If two files have the same content, they will have the same OID. Different tree objects might have the same child OID. Thus the child_oid is not unique.

Commit is a Pointer to a Tree

We can now talk about the most important object in Git: commit. A commit is a snapshot of the repository, i.e. the repository at a certain time. Thus a commit contains an OID of a tree object, which is the root directory of the repository at that time.

CREATE TABLE commit (
    _oid oid,
    root_tree_oid oid REFERENCES tree(_oid),
    message text,
    author text,
    committer text,
    ... /* other metadata */
)

A commit object contains an OID of the root tree object with other human-readable information such as commit message, author and committer. We can use git cat-file command to browse the content of a commit object.

> git cat-file commit 246f96e522e28bedc4440a7975c2740299f9db1e
tree e2596c64cacac113cc7580a02172bb33971851ea
parent d0ddfd99729215f5937ea5f9ea34c437aae58cd6
parent 61dfa40fa16a960060af3e440914db11f8e9c24a
author qsliu <qsliu2017@outlook.com> 1700130352 +0800
committer qsliu <qsliu2017@outlook.com> 1700130352 +0800

post: ci system the users perspective

But wait, what’s the parent in the content of the commit object?

(Cont.) Commit is also a Pointer to Parent Commit(s)

Recall that Git is a version control system. The snapshots of repository in different time are not enough. To represent the revoluation and branches of the repository, we need the relationship between snapshots. Thus commit object also contains OID of its parent commit(s). This relationship can be represented by the following table.

CREATE TABLE commit_parent (
    _commit_oid oid REFERENCES commit(_oid),
    parent_commit_oid oid REFERENCES commit(_oid)
);

A commit might have zero, one or more parents.

Branch/Tag is an Alias to a Commit

Finally, we discuss branch/tag. However they are NOT objects and do not have an OID. Instead, they are just aliases to a commit object.

We can browse the structure of the .git/refs directory to see the branch/tag.

> tree refs
refs
├── heads
   └── main
├── remotes
   └── origin
       ├── HEAD
       └── main
└── tags

5 directories, 3 files
> cat refs/heads/main
60b2c0f448a7d04f5a9ebf5f6a46cfc6c5a83998
> cat refs/remotes/origin/HEAD
ref: refs/remotes/origin/main
> cat refs/remotes/origin/main
60b2c0f448a7d04f5a9ebf5f6a46cfc6c5a83998

As we can see, branches and tags are stored in the refs directory. And the path to that file is also the branch reference name. For example, the branch main can be referenced by refs/heads/main. Each branch or tag just simply contains the OID of the commit object, or the reference to another branch/tag.

The difference between branch and tag is that branch is mutable, while tag is immutable. Branch commit is moved when we commit a new snapshot, while tag commit is fixed.

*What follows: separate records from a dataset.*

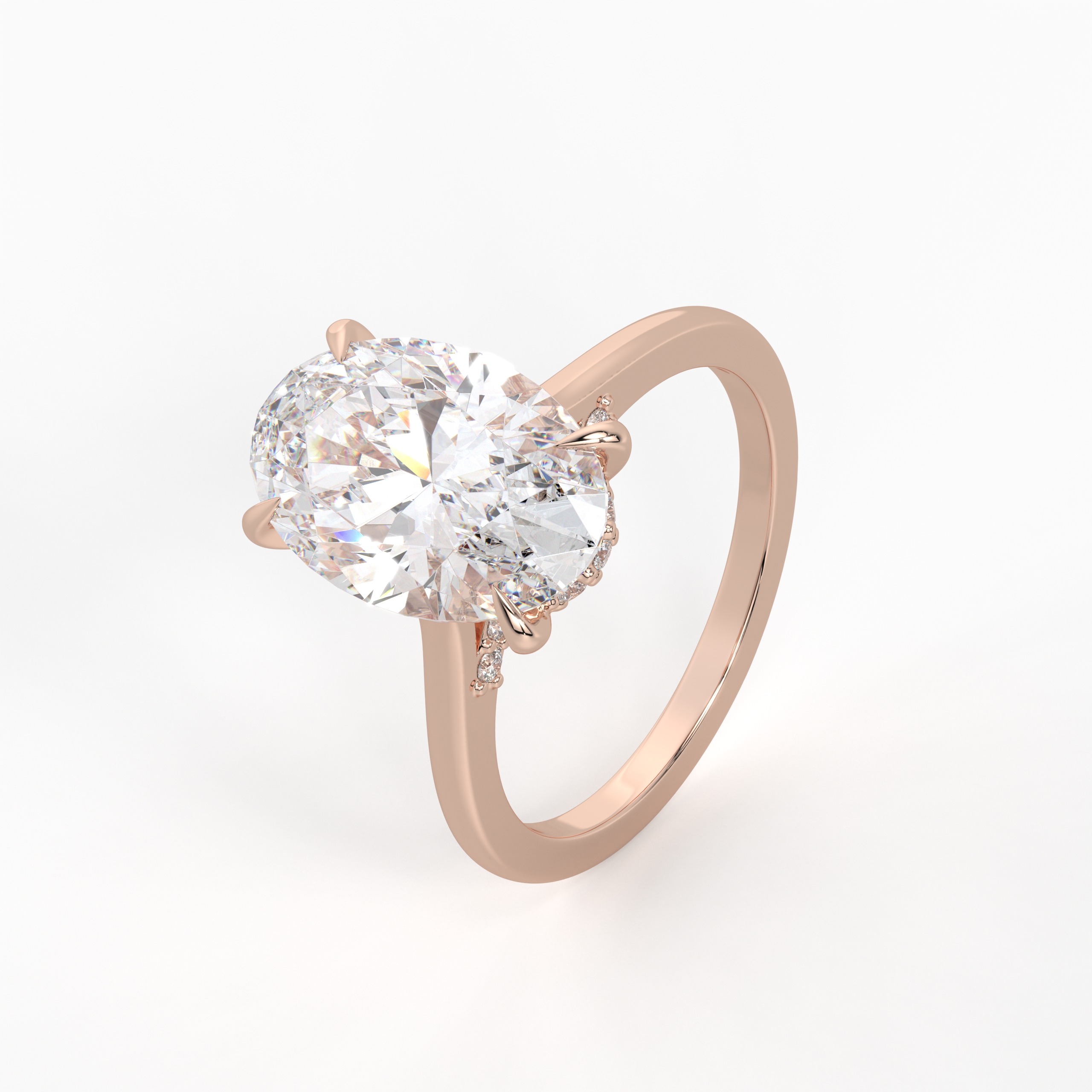 Inspired by soft curves and endless brilliance, the Lunaria Oval Diamond Ring showcases a luminous oval-cut center stone in a sleek, minimal setting. The design blends modern sophistication with classic romance, making it perfect for engagements or cherished milestones.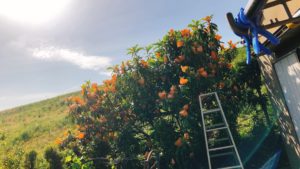 後半は手が届かないので、木登りしながら、片手で木を引っ張って、片手で袋がけをするスキルが身につきました。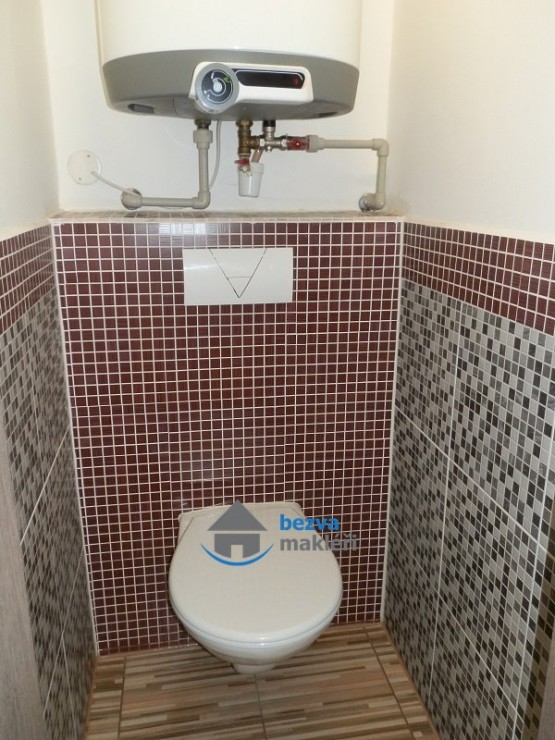 Koupelna je zařízena rohovou vanou, umyvadlem se skříňkou a je zde i prostor pro pračku. sociální zařízení WC je oddělené. Ohřev teplé vody zajišťuje bojler.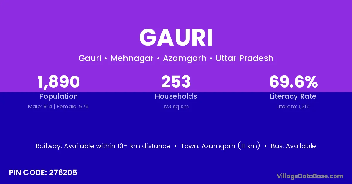 Hanumana (18 km) is the nearest town to Gauri village for major economic activities and is located approximately 18 km away.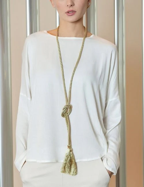 Blusa girocollo in viscosa. Una linea pulita e semplice per un look giornaliero. Tessuto 100% viscosa Colori disponibili: Panna Made in Italy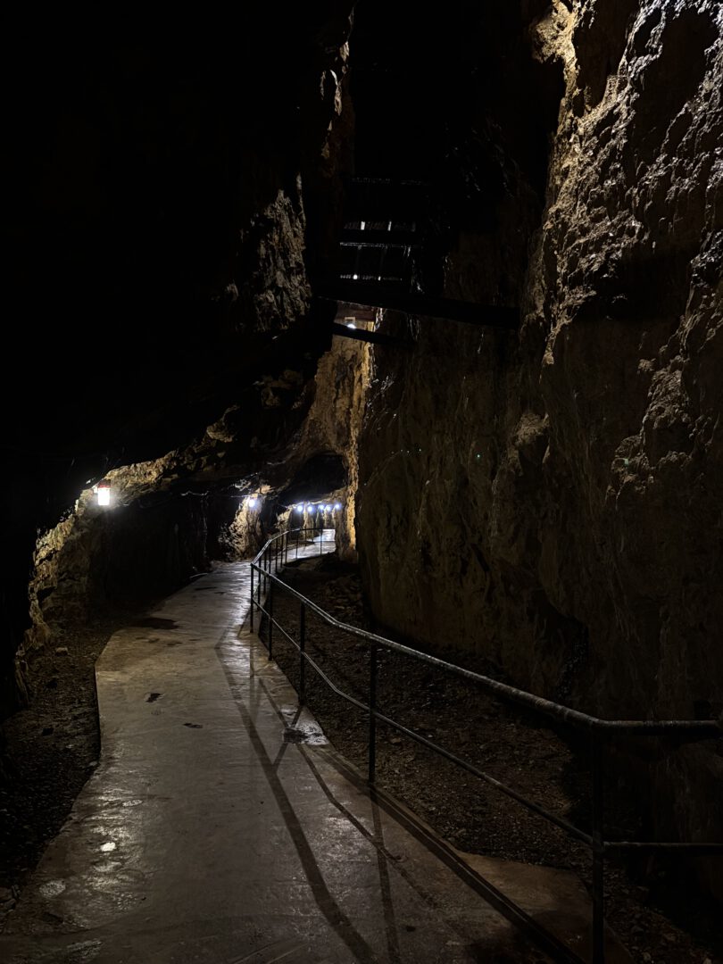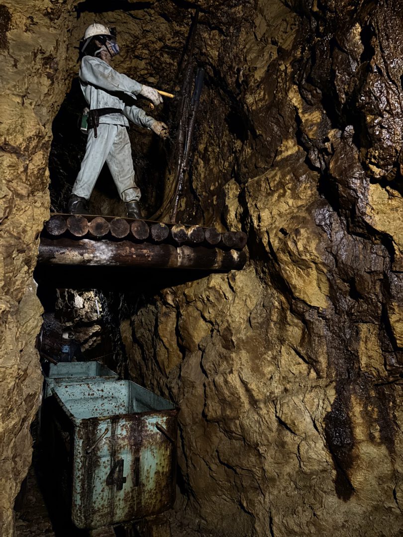 Mining is no longer active, but the site played an important role in Japan’s metal production for centuries. Roughly 1.7 kilometers of tunnels are open to visitors, and as we walked through them, we passed displays explaining the tools and techniques used in different periods. Over many centuries, miners dug tunnels and shafts across multiple levels, creating a vertical system that reached roughly 450 meters in height, the equivalent of about 15 stories stacked on top of each other, all carved out using simple tools. In some sections, the exposed rock walls are incredibly old, formed millions of years ago, and stepping inside felt like entering a quiet world deep beneath the mountains.

We can also tell that remote branches has no difference with local branches. They are just stored in different directories and updated by different commands.

Conclusion

In this post, we discuss objects in Git storage and try to understand them in a relational model. Blob object is content of a file while tree object is a directory. Commit object is a snapshot of the repository, pointing to both the root tree object and its parent commit(s). Branch/tag is a pointer to a commit object but is not an object itslef.

Other Resources

  1. Git Internals - Git Objects chapter in the Pro Git book has the most detailed explanation of Git objects.

  2. ”But wait, I thought commit is diff?”

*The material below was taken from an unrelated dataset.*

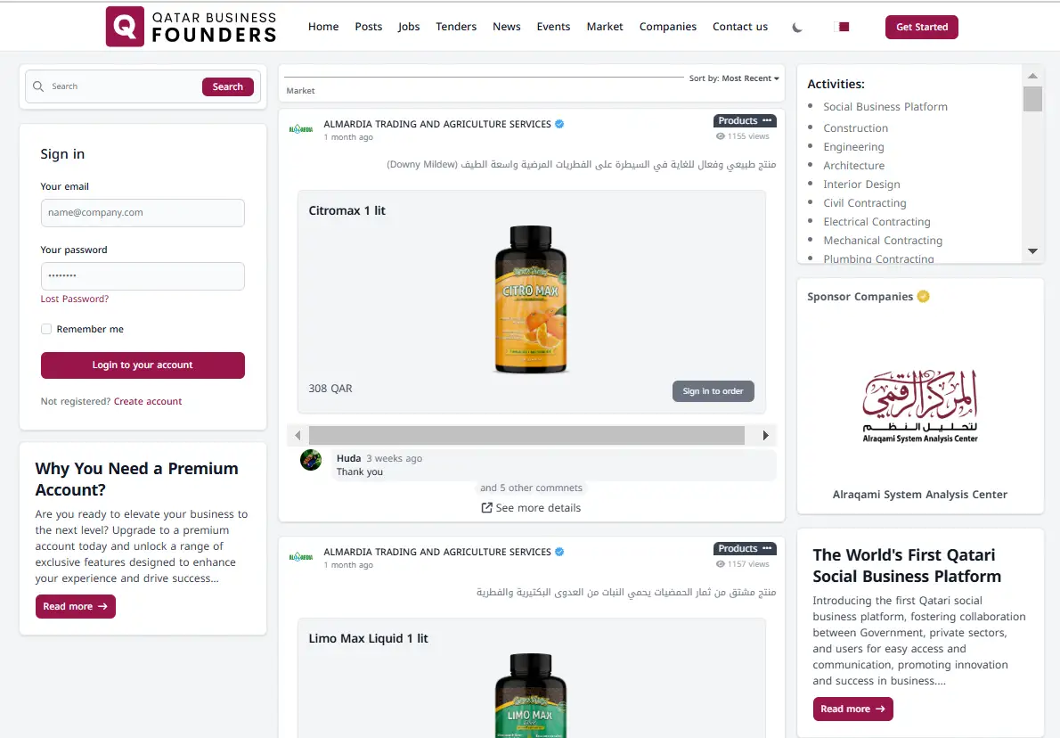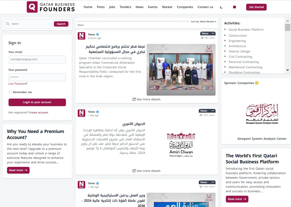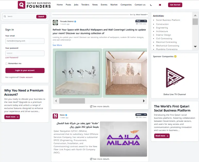 اول منصة اعمال اجتماعية عالمية بصبغة قطرية لتعزيز التعاون المثمر في مجال الاعمال بين القطاعين الحكومي والخاص و المستخدم لسهوله الوصول والتواصل في تجربة كاملة ومتطورة لتعزز الابتكار والنجاح في عالم الأعمال

    Most Git clients display a commit by the diff of the commit and its parent commit(s), and usually we only care about the diff. Commits are snapshots, not diffs explains why commit is a snapshot and not a diff. And the author also discusses how the cherry-pick, rebase and merge do when commit is actually a snapshot.

  3. The idea of seeing Git as a database comes from Git’s database internals, where the author sees Git as a key-value database and discusses more about how to query the Git objects.